Even though activity has stopped, the muscles continue to lose protein and nutrients without supplementation.

“Paying attention to what you eat or drink and when you consume it is a lot easier, cheaper, healthier and safer than using some plant steroids, androstenedione or creatine supplementation, for example,” says Ivy. “Just following a good basic diet and supplementing at the right time may not sound all that exciting, but solid scientific research says it works and yields increases in muscle mass, strength and endurance.

It can even protect your immune system and keep you from getting as many colds and upper respiratory ailments.”


Supplementation should begin 15 to 45 minutes after exercise ends or you risk missing the metabolic window of opportunity.
Ivy’s pioneering findings in the area of sports nutrition are presented in his two latest books, “Nutrient Timing” and “The Performance Zone,” which he co-authored with Dr. Robert Portman, president and director for PacificHealth Laboratories.

With “Nutrient Timing,” the guidance is geared to strength athletes and bodybuilders. In it, Ivy emphasizes that attention to timing and nutrition during the muscles’ 24-hour growth cycle can help weight trainers break through plateaus, increase muscle mass and suffer less soreness and stiffness after workouts.

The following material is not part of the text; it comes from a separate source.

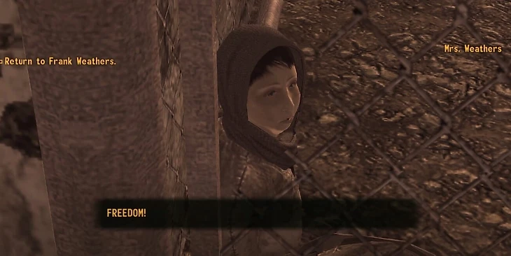 Помимо возможности спасти семейство, Курьер может жестоко убить их двумя способами. Первый – сбросить на лагерь Коттонвуд-Коув (в котором и находятся рабы) радиоактивные бочки. С одной стороны, таким образом НКР мстят Цезарю за городок Серчлайт, который легионеры уничтожили радиацией, но с другой – умирают и несчастные рабы.

“The Performance Zone” serves as a sports nutrition action plan and workbook for all levels of athletes, with sports-specific information from Olympic swimmers, exercise physiologists, world champion triathletes and professional sports stars.

In order to encourage amateurs as well as more serious exercise enthusiasts to implement nutrient timing, the book includes, among other things, information on calculating the number of calories expended during different types of exercise, how to determine fluid and nutrient needs during exercise and a comparison of the many sports drinks on the market. The specific needs of female athletes as well as active children also are addressed.

“At any given time, there’s a lot of information out there about how to train better,” says Logan Schwartz, an Austin strength conditioning coach who trains professional as well as high school and college athletes. “But there’s not much good information. Dr. Ivy’s nutrient timing system, which I and my clients use, stands apart because when you look behind the claims you find valid scientific research.

Attention to nutrition as a vital part of improving physical performance is really a fairly new, revolutionary thing, and it’s turning out to be very important.”


In exercise, as dehydration increases, quality of performance will continue to decrease.
Although Ivy now finds himself talking to reporters and interested groups from coast to coast about nutrient timing, sports nutrition might be described as something of a second love.

For the past 30 or more years the bulk of his research has been devoted to diabetes and, most specifically, the effects of exercise on diabetes.

“One thing we discovered that’s very significant,” says Ivy, “is that muscle contraction, which happens when you exercise, increases glucose uptake differently from the way that insulin increases glucose uptake. Diabetics who are insulin-resistant have muscles that cannot efficiently take up glucose by insulin stimulation, but the muscle will take up glucose in a normal manner with muscle contraction.

That means you can help regulate blood glucose levels through exercise. That’s good news and a natural way to address the problem.